Sleep is defined as a reversible condition of reduced responsiveness usually associated with immobility. The decreased ability to react to stimuli distinguishes sleep from quiet wakefulness, while its reversibility distinguishes sleep from coma. Only a small number of species—mostly mammals and birds—have been evaluated in detail with respect to sleep. Most studies found signs of sleep, both behavioral (quiescence and hyporesponsivity) and electrophysiological (e.g., the slow waves of non-rapid eye movement [NREM] sleep). Scientists have been hesitant to attribute sleep to reptiles, amphibians, fish, and especially invertebrates, preferring the noncommittal term “rest” in the absence of electrophysiological signs resembling those of mammals and birds.
For example, one animal may go through different stages of sleep than another. Insects and fish, unlike some birds and all mammals, don’t experience Rapid Eye Movement (REM) sleep, when most dreams occur. Horses, cows, and giraffes can sleep while standing, but need to lie down for short stints for REM sleep.
According to an article published in PLOS, studies with Drosophila melanogaster demonstrated that flies, also, become less responsive, i.e., sleep, when they remain quiescent for a few minutes. Sleep pressure increases if flies are kept awake, their sleep patterns change with the life span, and they are sensitive to hypnotics and stimulants. The fly brain also undergoes changes in gene expression between sleep and wakefulness similar to those observed in mammals, and shows changes in brain electrical activity. Similar criteria have now been provided for zebrafish, and there is evidence that even the worm C. elegans shows a sleep-like state at a certain stage of development.

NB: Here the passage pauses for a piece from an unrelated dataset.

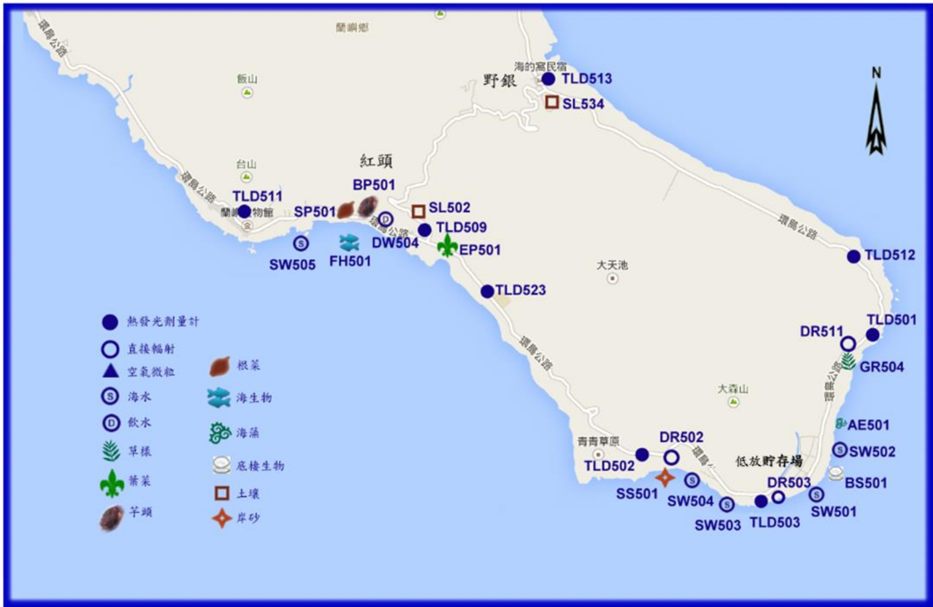
圖1-2 蘭嶼全島各類試樣取樣／監測站分佈圖(二)

The number of hours than an animal sleeps can vary widely. Cats sleep, on average, for 15 hours a day, while rats clock up to 20 hours a day. Smaller animals, which often have higher rates of brain metabolism, tend to require more sleep, while larger animals generally get less sleep. Dolphins, as well as some other aquatic mammals and some birds, utilize something called unihemispheric slow-wave sleep. This allows one half of the brain to sleep while the other remains awake so that long, non-stop migrations are possible. There is some limited evidence of decreased response to stimuli during stereotypical circular swimming, which is associated with unihemispheric sleep. Some scientists use this argument as evidence that animals do need sleep, explaining: The very fact that dolphins have developed the remarkable specialization that is unihemispheric sleep, rather than merely getting rid of sleep altogether, should count as evidence that sleep must serve some essential function and cannot be eliminated.
On the complete oppsite spectrum from humans, there are also animals who don’t show harmful side effects from sleep deprivation. Cockroaches, honeybees, and tilapia are seen as species whose response to sleep deprivation does not consistently include an increase in sleep time. The PLOS article elaborates: “Evidence of apparent lack of sleep rebound comes from an early study of sleep deprivation using constant light in the pigeon, in which sleep was nearly eliminated in the birds for more than 10 days, with no subsequent increases in either total sleep time or slow-wave activity.”
Despite all the varying sleep habits, some sleep behaviors are similar across the animal kingdom. One example of this is the vast majority of animals’ diurnality - meaning they’re awake in the day and sleep at night. Physiologically speaking sleeping at night, when it is colder, allows animals to avoid expending extra energy.